In that letter, reader Britt Whitmire (Browns Summit, N.C.) criticized a Sept. 4 Newsweek column by Robert J. Samuelson, Wal-Mart's A Diversion. Some of Whitmire's criticisms included:
"[Samuelson] fails to mention some of the indisputable bad deeds of the retail giant. Wal-Mart has routinely racked up millions of dollars in fines for everything from making employees work off the clock to authorizing underage workers to operate dangerous machinery. Wal-Mart also uses Medicaid as its de facto health plan for thousands of workers. ...If you take families' savings from those low prices and figure in how much those families are kicking into Medicaid to insure the health of Wal-Mart workers, you get a truer picture of how much Wal-Mart costs a community."
The first question that sprang to mind was: Where are the links to support the points he's making?
For instance, I wondered whether Whitmire knew that Massachusetts may start taxing employers who fail to provide employee health insurance. Also, exactly how much is Wal-Mart taking advantage of state or federal healthcare plans?"
Personally, I tend to default to online sources like mainstream media sites (broadcast and newspaper), as well as blogs for my information. Therefore, I'm used to seeing claims like the one in the letter about the Medicaid/Wal-Mart connection backed up by one or more links to other sources providing more information.
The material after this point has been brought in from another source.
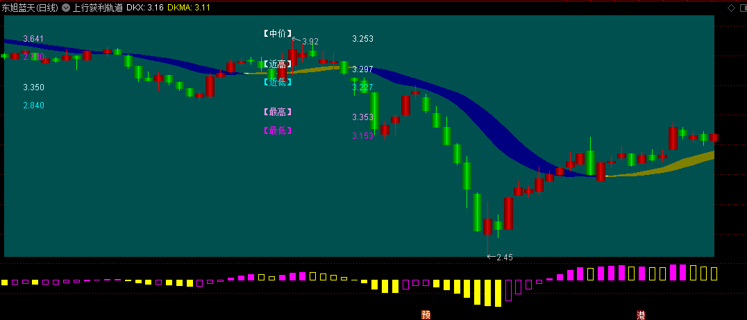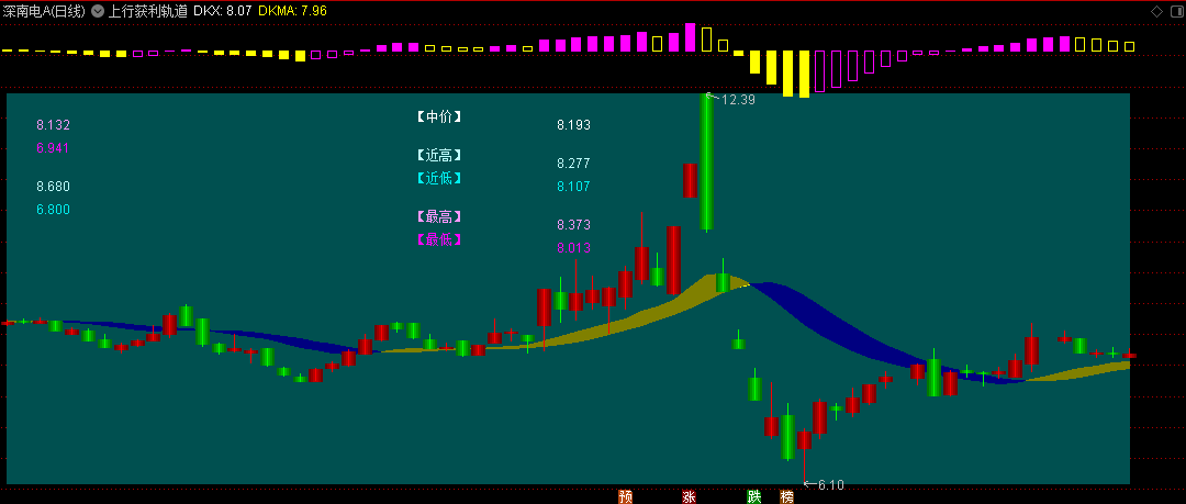 指标特色之处是除了颜色飘带表明趋势之外,而且还有非常详细的股价分析,对平均成本、主力成本、短期支撑、短期压力、获利盘、近高、近低等都有明确标明,使你可以借此分析出合适的切入点。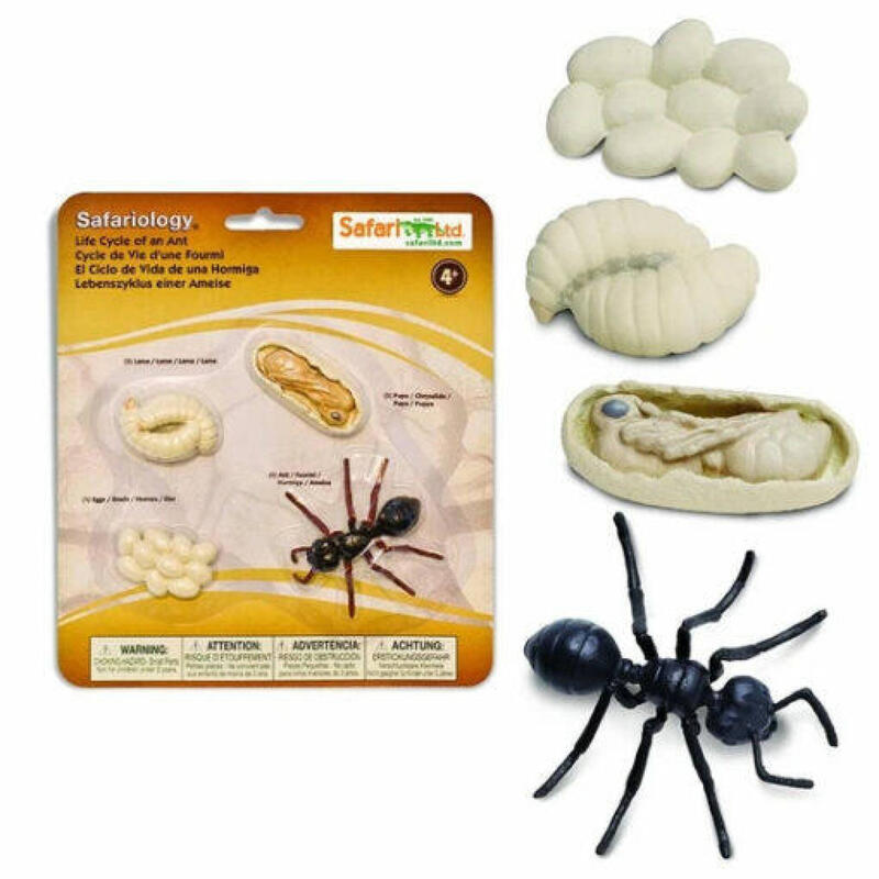 Este conjunto inclui pequenos ovos brancos onde as formigas eclodem. As larvas vêm em seguida, mudando várias vezes antes de entrar em um período de descanso e crescimento como pupas. A formiga adulta que emerge tem uma cor mais escura, mas não cresce devido ao seu exoesqueleto.

It is no longer enough to passively read another person's rage against the machine in a magazine or newspaper's Letters to the Editor section. There is plenty of unexpurgated spleen-venting on message boards, newsgroups and forums connected to news organizations.
Printed rants don't carry any special importance, nor do they demonstrate that the editor has listened to the reader. Printed letters may indicate that the editor found something of importance in a letter -- but I never know exactly what makes a particular published letter editorially significant.
Nowadays, when I read letters to the editor, I want to know whether or not the fellow citizen has a good reason to be writing that letter. Simply because an editor finds a letter voicing a particular viewpoint is not enough for me. I want more information about the purpose of publishing that letter. If the letter points to a reporter's error, or a lack of information or context, I want a link to a source. Links, provided by the letter writer or by the editor, give me that information.